> [Instructions for the task] Return only the lines from the top of the data down to the one that holds "Рис. 1. Отдельные", both included, without any pictures.

(Data records)
• • • • •

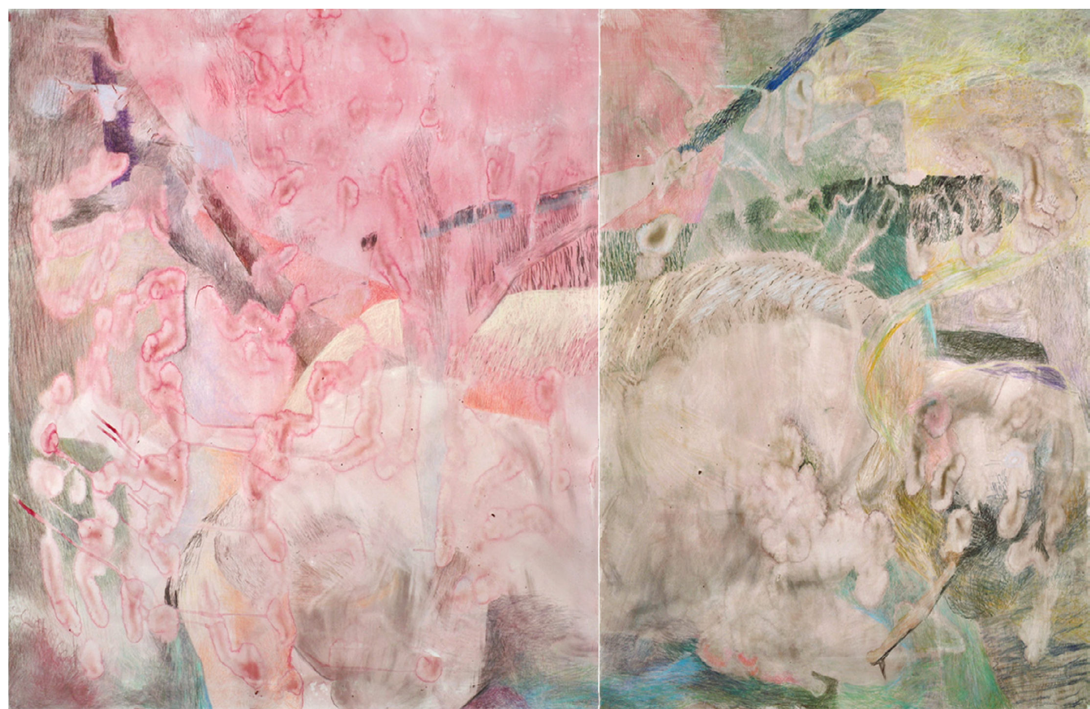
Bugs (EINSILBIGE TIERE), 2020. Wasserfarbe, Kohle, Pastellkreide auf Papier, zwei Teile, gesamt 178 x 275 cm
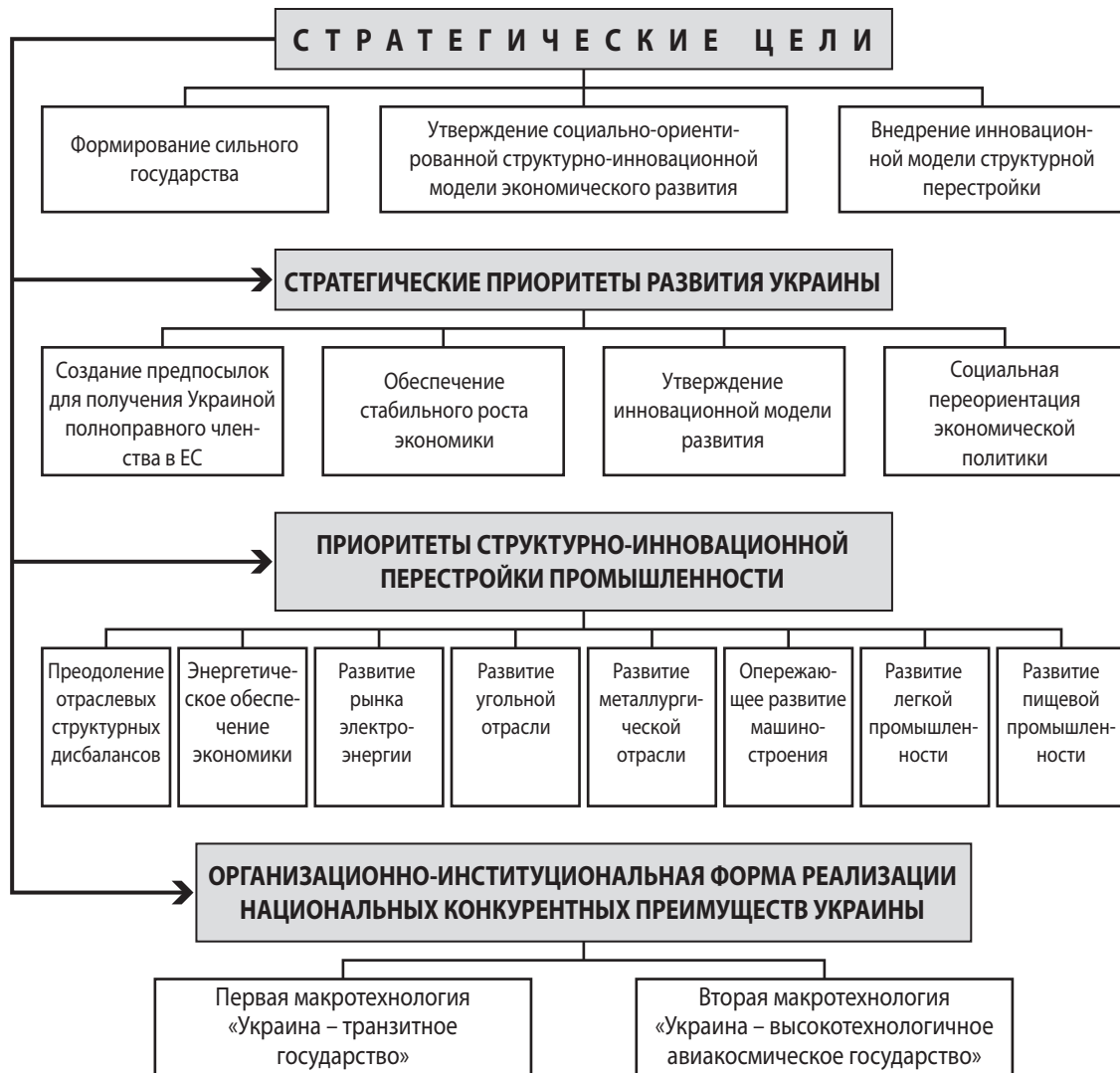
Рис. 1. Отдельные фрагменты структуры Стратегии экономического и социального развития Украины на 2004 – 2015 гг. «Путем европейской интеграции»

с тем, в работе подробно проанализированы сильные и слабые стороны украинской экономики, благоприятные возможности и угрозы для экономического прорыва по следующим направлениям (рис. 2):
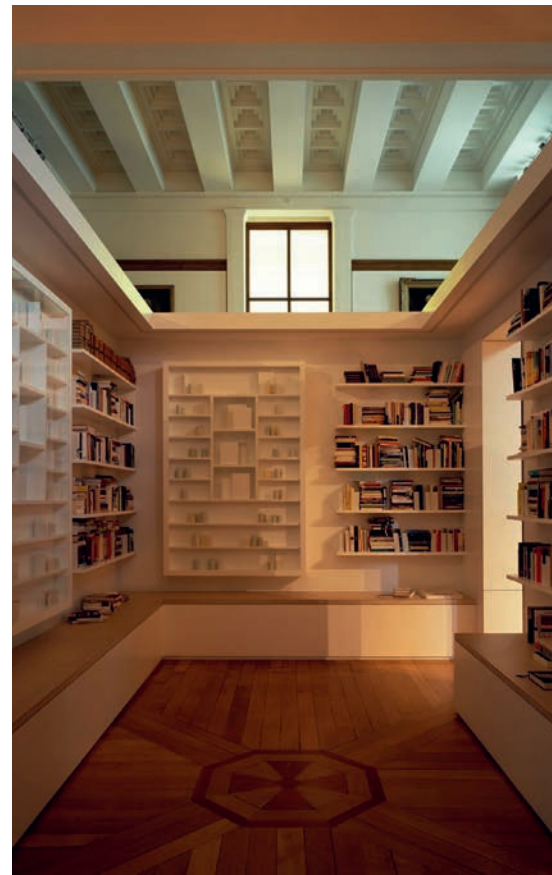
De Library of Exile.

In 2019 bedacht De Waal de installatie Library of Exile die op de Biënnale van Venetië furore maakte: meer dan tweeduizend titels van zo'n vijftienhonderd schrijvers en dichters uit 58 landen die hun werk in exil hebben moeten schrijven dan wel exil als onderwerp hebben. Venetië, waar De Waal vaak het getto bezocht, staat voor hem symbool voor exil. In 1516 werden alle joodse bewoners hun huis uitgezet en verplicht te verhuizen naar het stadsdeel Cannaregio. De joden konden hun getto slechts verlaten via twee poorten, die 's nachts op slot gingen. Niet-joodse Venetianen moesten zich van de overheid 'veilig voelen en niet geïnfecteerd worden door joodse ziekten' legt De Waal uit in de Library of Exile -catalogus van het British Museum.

• • • • •

> [Answer to the exercise]
Bugs (EINSILBIGE TIERE), 2020. Wasserfarbe, Kohle, Pastellkreide auf Papier, zwei Teile, gesamt 178 x 275 cm
Рис. 1. Отдельные фрагменты структуры Стратегии экономического и социального развития Украины на 2004 – 2015 гг. «Путем европейской интеграции»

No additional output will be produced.